08.07.2026 • 15:19 Uhr
Obdachlos und hungrig: Angeklagte bereuen Trafik-Einbruch
Die beiden Männer im Verhandlungssaal. Frick

Ein Einbruchdiebstahl in einer Tabaktrafik führt zwei Männer auf die Anklagebank. Das Gericht hat ein Urteil gesprochen.

Zwei Männern wird schwerer Diebstahl durch Einbruch zur Last gelegt. Sie sollen in eine Tabaktrafik eingebrochen sein. Dort haben sie laut Anklage Münzgeld und 56 Stangen Zigaretten gestohlen. Weit seien sie allerdings nicht gekommen: Die Polizei habe sie auf frischer Tat ertappt.

Schwierige Lebenssituation

Beide Angeklagten zeigen sich vor Gericht reumütig. Sie stehen vollinhaltlich zu den Vorwürfen. Ihre damalige Lebenssituation habe sie zu dieser Tat getrieben.

“Es tut mir tausend Mal leid”, sagt der 36-jährige Erstangeklagte. Er sei damals seit drei Wochen obdachlos gewesen, habe Hunger gelitten. Eigentlich sei er nach Österreich gekommen, um Arbeit zu finden. Mit dem Geld aus der Trafik habe er eine Fahrkarte nach Rumänien kaufen wollen, um seine Kinder wiederzusehen.

“Ich bin schuldig. Es tut mir leid. Ich bereue es”, sagt der 43-jährige Zweitangeklagte, kaum dass die Einvernahme beginnt. Auch er verweist auf seine schwierige Lebenslage, geht aber nicht ins Detail wie sein Mitangeklagter.

Angesichts der Geständnisse haben die weiteren Verfahrensbeteiligten keine Fragen mehr an die beiden Männer. Die Verteidigung wirft allerdings noch in den Raum, dass der Diebstahl mitunter nicht vollendet war. Schließlich kamen die Angeklagten mit der Beute nur bis ins Foyer vor der Trafik.

Das Urteil

Richterin Franziska Klammer erachtet die Tat als vollendet, ein effektiver Schaden ist allerdings nicht eingetreten. Sie verhängt eine Freiheitsstrafe von 15 Monaten über den Erstangeklagten und von zwölf Monaten über den Zweitangeklagten. Bei Letzterem ist ein Teil der Strafe, nämlich acht Monate, bedingt.

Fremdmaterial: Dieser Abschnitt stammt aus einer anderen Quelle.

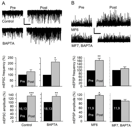 To determine whether an increase in postsynaptic Ca2+ concentration was required for the potentiation of quantal size, we injected the Ca2+ buffer BAPTA into the MF prior to performing stimulation experiments. In these experiments, we used MF7 since its small size made it easier to fill with BAPTA, and we examined mEPSC and mEPSP amplitude and frequency. First, we stimulated at 20 Hz for 1 min and recorded mEPSCs for 3 min pre-stimulation and 5 min post-stimulation in HL3. In control experiments, stimulation produced an increase in mEPSC amplitude but no change in mEPSC frequency (Figure 6A). When MF7 was preinjected with BAPTA for 5 min, there was an increase in both mEPSC amplitude and frequency. The effect of BAPTA injection on mEPSC frequency is consistent with a previous study where prolonged Ca2+ influx was found to depress mEPSC frequency [18]. It appeared that BAPTA injection lowered postsynaptic Ca2+ enough to reduce the depression of mEPSP frequency but not enough to prevent the increase in mEPSP amplitude. To allow for more effective buffering of Ca2+, we repeated the experiments using a briefer stimulation protocol. The nerve was stimulated at 80 Hz for 1.25 s in HL3, and mEPSPs were recorded from MF6 and MF7 pairs; MF6 and MF7 are adjacent and innervated by the same motor axons. In controls, there was an increase in mEPSP amplitude and frequency for both MFs. The mEPSP amplitude increased by 16.6 ± 7.2% in MF6 (p < 0.05, paired t-test) and 17.6 ± 4.5% (p < 0.01, paired t-test; n = 10 MFs, 8 larvae) in MF7. The mEPSP frequency increased by 34.0 ± 7.6% in MF6 (p < 0.01, paired t-test) and 46.8 ± 7.1% (p < 0.001, paired t-test) in MF7. We repeated this experiment after injecting MF7 with BAPTA. We found that BAPTA injection prevented the increase in mEPSP amplitude and frequency in MF7; however, the previous increase in mEPSP amplitude and frequency was still seen in uninjected MF6 (Figure 6B). Thus, BAPTA injection blocked both the increase in mEPSP amplitude and frequency produced by brief stimulation.

An einer Freiheitsstrafe habe kein Weg vorbeigeführt. Beide Männer sind bereits vorbestraft, wenn auch nur eine Verurteilung, nämlich des Erstangeklagten, in Österreich war.

Die Angeklagten akzeptieren das Urteil nach kurzer Rücksprache mit der Verteidigung. Staatsanwältin Lisa Pfeifer gibt keine Erklärung ab. Das Urteil ist nicht rechtskräftig.